De particular interesse, 51,6% dos doentes estáveis com doença pulmonar MAC no estudo actual tiveram uma conversão espontânea da esputo. Um esfregaço negativo de expectoração AFB no momento do diagnóstico foi um factor associado a esta ocorrência. Já em meados da década de 1970 foi reconhecido que alguns doentes com doença pulmonar MAC não cavitária – o que é agora referido como doença pulmonar MAC NB – podiam ter expectoração positiva da cultura de AFB para a MAC sem evidência radiográfica de doença progressiva e ocasionalmente com reversão da expectoração para AFB cultura-negativa associada ao início de medidas de desobstrução das vias aéreas . Neste estudo, não houve instrução de rotina sobre a desobstrução das vias aéreas, pelo que é difícil saber que impacto poderia ter tido. Os pacientes com conversão espontânea da expectoração compreendem uma coorte muito interessante que merece um seguimento a longo prazo com culturas de AFB de expectoração em série e genotipagem de todos os isolados MAC.

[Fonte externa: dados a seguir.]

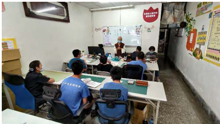
照片說明 (簡述): 樂活課程

A falta de marcadores objectivos claros, fiáveis e não clínicos que prevejam a progressão da doença pulmonar MAC também expõe o profundo défice na nossa compreensão da patofisiologia da doença pulmonar MAC NB. Os modelos animais têm sido fundamentais na compreensão da fisiopatologia da tuberculose (TB). Um exemplo recente importante é o trabalho num modelo de TB de primatas, demonstrando que a TB latente e a TB activa compreendem não um simples processo de dois estados, mas sim, fazem parte de um espectro de estados . Embora existam modelos candidatos de murinos e primatas da doença pulmonar MAC e M. abscesso, ainda não existe um modelo animal que seja inequivocamente análogo à doença pulmonar NB humana MAC ou M. abscesso. Esta falta de um modelo animal estabelecido para a doença pulmonar NB MAC é um claro impedimento à expansão do conhecimento sobre a patofisiologia da doença pulmonar NB MAC. A compreensão dos fundamentos da fisiopatologia da doença pulmonar NB MAC seria extremamente útil na procura de marcadores de progressão da doença identificáveis. Embora a compreensão da patofisiologia da tuberculose esteja muito à frente da doença pulmonar MAC NB, a procura de marcadores de progressão da doença continua .

Não sou médico mas o filho do médico

Não posso esperar até o médico terminar

Diz-me quanto tempo tenho de esperar?

agora, ou tenho de hesitar?

Por isso, com a devida avaliação e acompanhamento cuidadoso do paciente, um pouco de hesitação para iniciar a doença pulmonar NB MAC não é uma coisa assim tão má. Enquanto o paciente souber que o seu médico continuará a observar e a reavaliar indefinidamente, não há necessidade de ninguém ter o blues.